Sep 29, 2016 | News

Heat pump system installed behind the former Dewitt Park Inn.

By Guillermo Metz
Energy Team Leader
Cornell Cooperative Extension of Tompkins County
Adapted from an article by Mark Pierce, Extension Associate, that ran in the Fall 2015 issue of Housing and Home Environment News

What is a Heat Pump?

If a contractor told you there was a way to take heat out of the air in the middle of winter and pump it into your building to keep it warm and, with the same equipment, take cool air from the outdoors to cool your building in the middle of summer—you’d probably roll your eyes.

However, it’s not only possible, it’s happening in homes and businesses across our region. Heat pump technology essentially uses the same process that your air-conditioner or refrigerator does. Heat pumps transfer heat from indoor spaces to the outside during summer months, and they can be reversed to pull heat from the colder outdoors during winter months to warm the interior, providing whole-building air conditioning and heating at a very affordable price.

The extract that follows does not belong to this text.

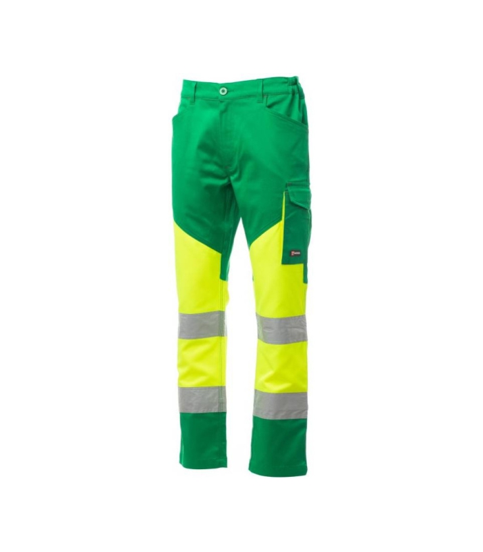 Hlače uniseks za sva godišnja doba u dvije boje, visoke vidljivosti, s reflektirajućim trakama, bočnom elastičnom trakom i petljama za pojas oko struka. Zatvaranje patentnim zatvaračem s plastičnim gumbom, dva oblikovana prednja džepa, jedan bočni džep sa sustavom zatvaranja „LOCK SYSTEM”, držač znački koji se može izvući i još jedan džep za dvostruku mjernu vrpcu. Dva stražnja džepa: jedan otvoren s reflektirajućim trakama i jedan s preklopom na čičak. Šavovi kontrastne boje. Trostruki šav na preponama i unutrašnjoj strani nogavice. Međunarodna veličina L ima unutrašnjost nogavice od 80 cm.

Heat Savings in Tompkins County

According to the U.S. Energy Information Administration, space heating accounts for about 42% of energy use in residences and about 36% of energy use in commercial buildings in the U.S. This means that homeowners spend an estimated $73 billion (29%) of their total energy-related expenditures on space heating alone, while commercial buildings spend more than $27 billion (15%) annually.

Heat pump systems are so efficient that they save home and business owners significant amounts of money. Because a heat pump moves heat rather than converting it from a fuel like combustion heating systems do, they can deliver one-and-a-half to more than three times more heat energy to a building than the electrical energy it consumes.

In the Finger Lakes region, geothermal systems—which use the fairly constant ground temperature to provide warmth in the winter and cooling in the summer—have dominated the heat pump market because until just a few years ago, air-source heat pumps didn’t work very well in typical winter temperatures. However, in the past couple of years, heat pumps that can pull a significant amount of heat from air as cold as -5°F have become commonly available, and there are even systems able to work at temperatures as low as -13°F. 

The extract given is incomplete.